Although Daniel Johnston is feted by musicians, few of us have directly experienced the singer-songwriter, who suffers from bipolar disorder. But when Spiritualized's Jason Pierce was offered the chance to curate Newcastle's week-long Evolution festival, Johnston's was the first name on his team sheet.
With Pierce in the audience, Johnston shuffles to the stage with tiny "Excuse me, sir"s, his plaintive, childlike voice emerging from a great teddy-bear-like body. Reading lyrics from a book, his acoustic guitar resting on his big belly, the 43-year-old Texan plays the instrument as if he's scraping it to remove a stain.
His lyrical concerns are harrowing and beautiful: "Love will haunt you like a ghost ... It could all end next week." While people in the audience compare him in whispers to the bluesman Robert Johnson, there's something uncomfortable about cheering someone whose troubles are so apparent. However, this is tempered by his delight in the applause and his cheeky, blackly humorous playing to the crowd.
He thanks "London", and tells a dry, oft-trotted out anecdote about his dream in which "a man was sentenced to death for attempting to commit suicide". A song that begins "Baby, you're driving me crazy" is mischievously ironic, but it's difficult not to be disturbed by a line like, "He was smiling through his own personal hell."

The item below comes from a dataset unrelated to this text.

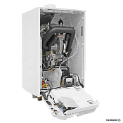 После установки дополнительной платы можно управлять 3-им контуром со смесительным клапаном. После подключения датчика ГВС можно управлять (с приоритетом) контуром ГВС. Панель управления специально разработана для управления комбинированными системами отопления. - Вентилятор с обратным клапаном на подаче воздуха для горения предназначен для работы в системах отвода продуктов сгорания под избыточным давлением.
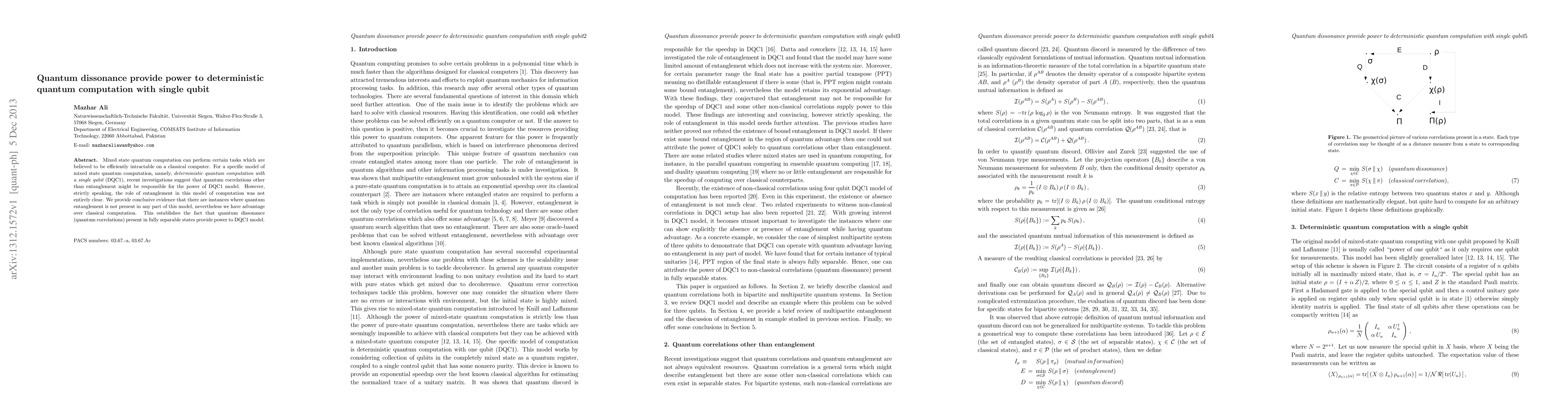 The research demonstrates that quantum correlations, specifically quantum dissonance in fully separable states, can provide computational advantages in deterministic quantum computation with a single qubit (DQC1), even in the absence of entanglement, thereby highlighting a novel source of quantum power.

Johnston's awkward delivery is an acquired taste, but it becomes increasingly obvious that he is the conduit for some of the finest, most insightful songs being written. Every emotion possible intensifies as he switches to piano, and by the time he blasts into an astonishingly pure True Love Will Find You in the End it's difficult to know whether to cry or whoop. For once, the myth is equalled by the man.